Homework 1 - ST551 Fall 2017

Submit your answers on canvas.

(2 pts) Give one-sentence answers for the following:
1. What is the difference between a population parameter and a statistic?
2. Describe what we mean by the ‘sampling distribution’ for a statistic.
I’ve made some updates to class_data so make sure you re-download it to get the latest version before starting on this section.

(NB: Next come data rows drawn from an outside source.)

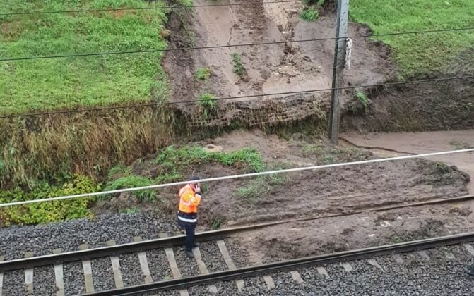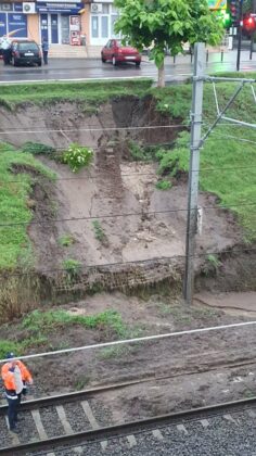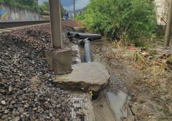 – Sinaia – Bușteni (firul II) – terasamentul liniei de cale ferată a fost spălat de ape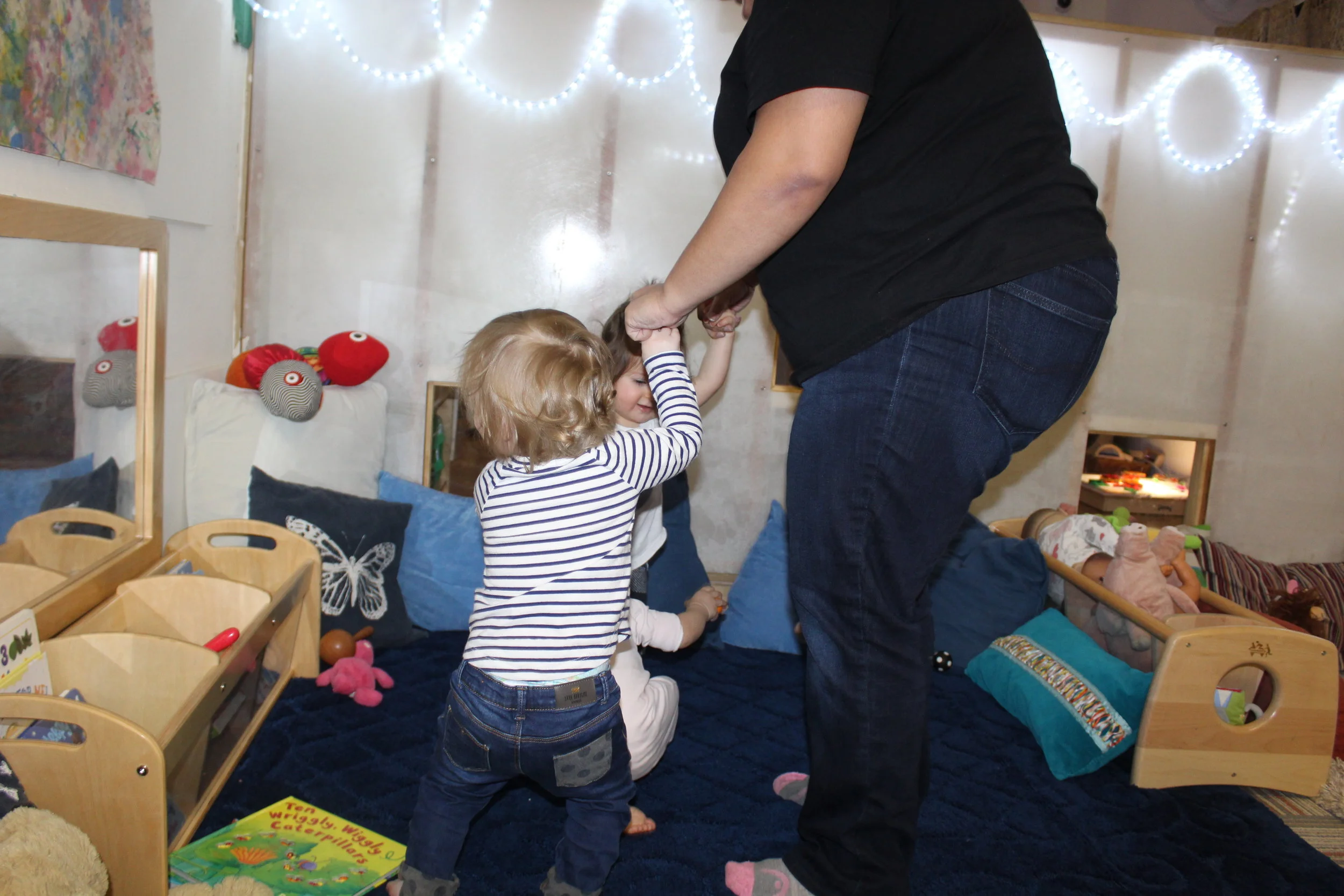 Circle Time also expands awareness of physical, sensory, and language experiences through exposure to new songs, dances, various materials, and other stimuli. Participating in the songs helps promote rhythm, coordination, counting, and dexterity as well as singing. Dancing helps with gross motor skills. (e.g., turning and jumping).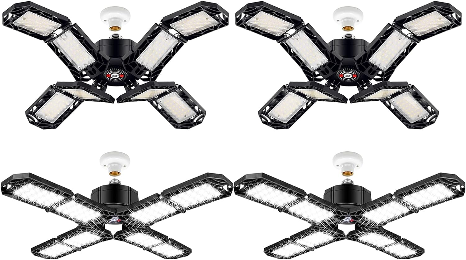 4 Pack LED Garage Light, Super Bright Screw in E26/E27 Ceiling Shop Work Lamp, 200W 20000 Lumen Deformable Basement Bulb Fixture with 8 Adjustable Panels

Recall from lecture on Fri Sep 29, we simulated the sampling distribution for the sample mean for samples of size 5 from our population of commute times from the first day of class:
```
library(tidyverse)
# Read in class data
class_data <- read_csv("class_data.csv")

# Simulation settings
n <- 5
n_sim <- 1000

# Generate many samples
samples <- rerun(.n = n_sim, 
  sample(class_data$commute_time, size = n))

# Find sample mean of each sample
sample_means <- map_dbl(samples, ~ mean(.x))
```
The following questions ask you to make adjustments to this code to investigate some other sampling distributions. Ensure you include your R code for each part, any plots you use to obtain your answers, as well as your answers to the questions.
1. Simulate the sampling distribution for the sample mean for samples of size n = 10 from the commute times.
  1. (1 pt) Describe how the distribution differs to that based on samples of size 5.
  2. (2 pts) Justify your observations based on the properties we derived in Lecture on Fri Sep 29.
2. Simulate the sampling distribution for the sample mean for samples of size n = 37 from the commute times.
  1. (1 pt) Examine the distribution. Are you surprised?
  2. (1 pt) Describe why the distribution looks the way it does.
3. Simulate the sampling distribution for the sample median for samples of size 5 from the commute times.
  1. (1 pt) Describe the distribution.
  2. (1 pt) Use your simulated sampling distribution to estimate the probability, that a sample of size 5 from this population results in a median less than 10.
  3. (1 pt) Do any of the properties of sampling distributions we derived in the lecture from Mon 25 to Fri 29 Sep justify the properties of this sampling distribution?
4. Simulate the sampling distribution for the sample mean for samples of size 5 from the prefers_cats column in class_data.
  1. (1 pt) Describe the distribution. (A histogram might not be the most appropriate plot here.)
  2. (1 pt) Do any of the properties of sampling distributions we derived in the lecture from Mon 25 to Fri 29 Sep justify the properties of this sampling distribution?
5. Instead of sampling from class_data, you could sample from a population with a standard Normal distribution, by replacing sample(class_data$commute_time, size = n), with rnorm(n).
  1. (2 pts) Derive the sampling distribution of the sample mean for samples of size n = 2 and n = 10 from a standard Normal population.
  2. (2 pts) Simulate the sampling distribution of the sample mean for samples of size n = 2 and n = 10 from a standard Normal population. Are your simulated distributions consistent with your derived distributions?